Richard Branson’s space tourism company Virgin Galactic has re-opened limited ticket sales after a nearly two-year hiatus — at a price of $750,000 per seat.
In a conference call with investors and journalists Monday, CEO Michael Colglazier said the company would open up 50 more spaces for 90-minute suborbital pleasure flights aboard its SpaceShip spaceplane, starting in late 2026 or early 2027.
It comes after repeated delays and setbacks for the California-based company, which has been taking bookings for more than two decades but has so far only managed to fly a handful of commercial passengers beyond Earth’s atmosphere.
Branson himself, a boisterous 75-year-old British billionaire known for daredevil stunts such as crossing oceans in a hot-air balloon, took a Virgin Galactic spaceflight with much fanfare in July 2021, followed by its first fully commercial expedition in 2023.
But despite initial promises of starting spaceflights in 2011, it has repeatedly struggled to realize Branson’s soaring ambitions amid mechanical problems, manufacturing delays, and a fatal crash in 2014 that claimed the life of 39-year-old co-pilot Michael Alsbury.
“With our first new spaceship preparing for its ground test phase, it’s time to welcome more people into Virgin Galactic spacefarer community, which already contains over 650 founding astronauts,” Colglazier said.
“We’ve opened a limited tranche of 50 space flight expeditions, each priced at $750,000. These space flights will be slotted in our manifest immediately after we fly the current members of our founding astronaut community, many of whom have been anticipating their space flight for several years.”
Space tourism is a 25-year-old industry but the number of actual passengers remains small. The vast up-front investments needed to develop new re-usable space vehicles can only be recouped via eye-watering ticket prices, which limits the size of the potential market.
No company has yet cracked the magic formula for low-cost spaceflight that would allow them to lower ticket prices and achieve sustainable, regular operations at scale — though Branson and his chief rival Jeff Bezos have been trying for decades.
Virgin Galactic’s solution is a rocket-powered spaceplane that is carried to a high altitude by a conventional airplane before accelerating into space, cruising for a few minutes in microgravity, then gliding back to Earth.

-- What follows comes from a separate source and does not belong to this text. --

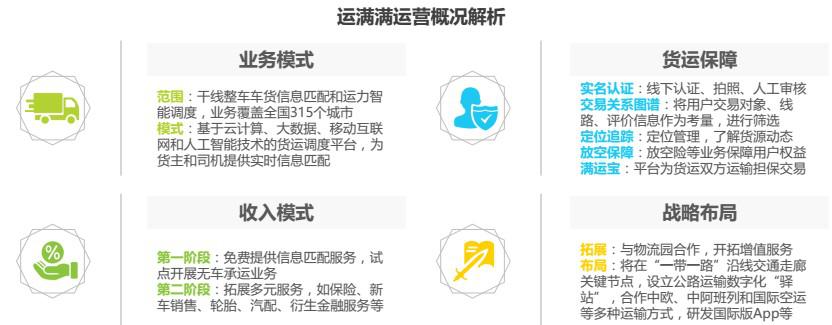 運滿滿成立于2013年,是基于云計算、大數(shù)據(jù)、移動互聯(lián)網(wǎng)和人工智能技術開發(fā)的貨運調(diào)度平臺,為貨主和司機提供實時信息匹配,減少貨運空載率、提高物流運行效率。由于模式相近,運滿滿被業(yè)界稱為“貨運版的滴滴”,成立3年來共獲得7輪融資,目前估值超過10億美金。截止2017年9月底,平臺實名注冊重卡司機400余萬、貨主100余萬,業(yè)務覆蓋全國 315 個城市。運滿滿最新推出擔保交易產(chǎn)品“滿運寶”,為貨運雙方提供運費擔保。此外,運滿滿還與阿里云、菜鳥、螞蟻金服、平安保險、中國聯(lián)通、中國重汽等開展深度戰(zhàn)略合作,通過跨界融合,不斷推出創(chuàng)新產(chǎn)品和服務。未來,運滿滿將借助人工智能、無人駕駛、區(qū)塊鏈等技術驅(qū)動,提供貫穿全產(chǎn)業(yè)鏈的線上線下服務,構建公路物流生態(tài)圈,打造綜合性的貨運平臺。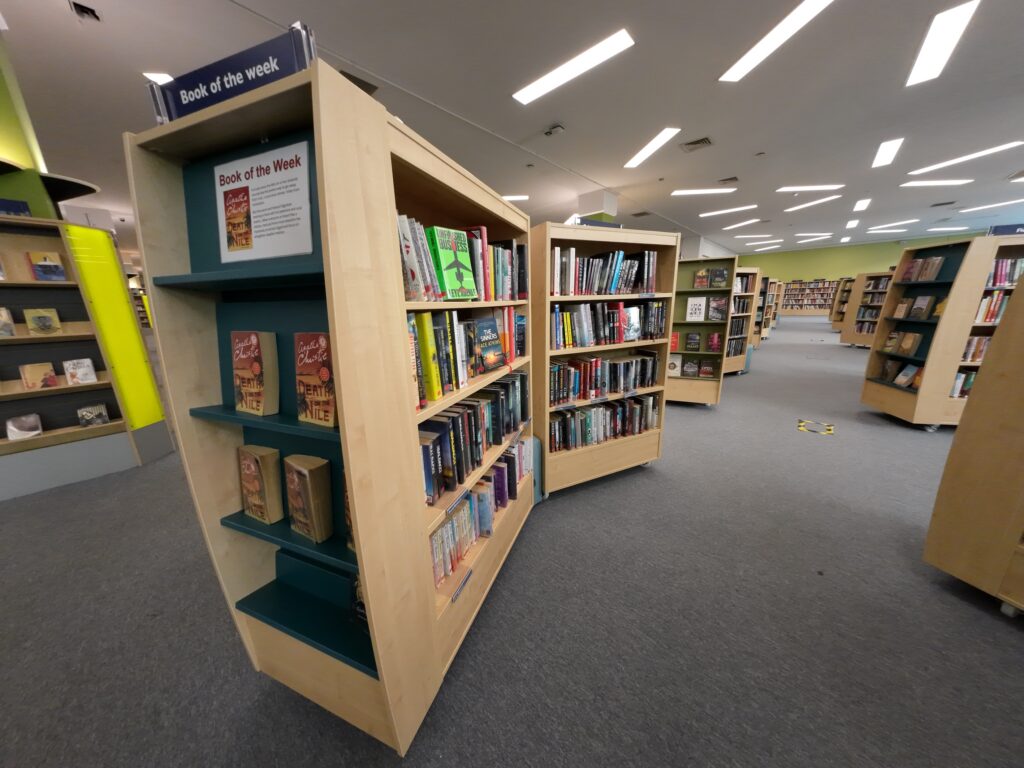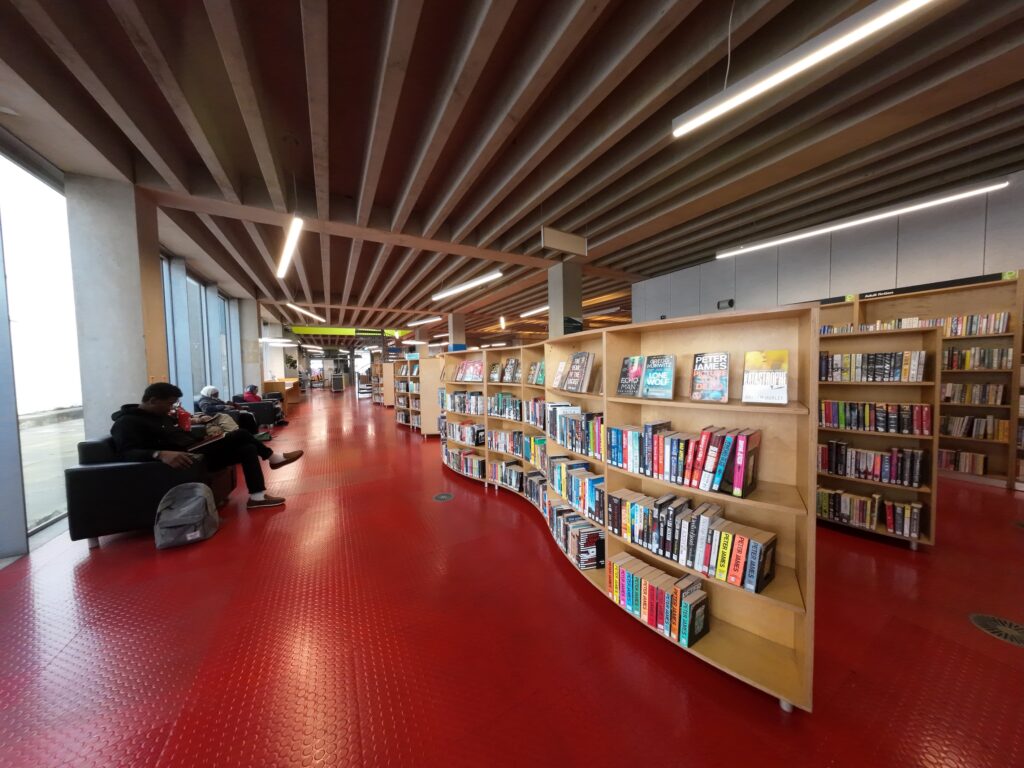 図書館の真ん中あたりにPCコーナーがあり,20台ほど並んでいた。閲覧席もある。利用者が多く滞在していた。それ以外にも館内には様々な机,ソファ席もあるが,机でPCなどの作業する人が目立つ。4~6人用のPODも2室あり,ひとつは使用中であった。地域資料も提供されている。入口奥には児童コーナーがある。空間は区切られておらず,訪問時には子どもの声が響いていた。排架はDDC順ではなくテーマごとで,「Business & Law」といった大きなテーマが棚上に表示され,小テーマが棚差しのような形で示されていた。テーマ中の図書は類にこだわらない。図書の背表紙にはテーマとDDC番号が併記されている。

Now, with Bezos’s Blue Origin pausing tourist flights for “no less than two years” as of January, and Elon Musk’s SpaceX focused on cargo lifting, satellite launches, and government contracts, Virgin Galactic is the only currently available option for a high-income thrill-seeker.
Colglazier said Monday that the company plans to run about four space flights per month while it refines its procedures, before stepping up to eight and then 10 flights per month.
He also warned that the $750,000 price tag — already a big increase from Virgin’s 2021 price of $450,000 per person — would not last long.
“We expect our prices will rise in steps over the near to medium term, and once this initial tranche of space flight reservations is concluded, we plan to retire sales at the $750,000 level,” he said.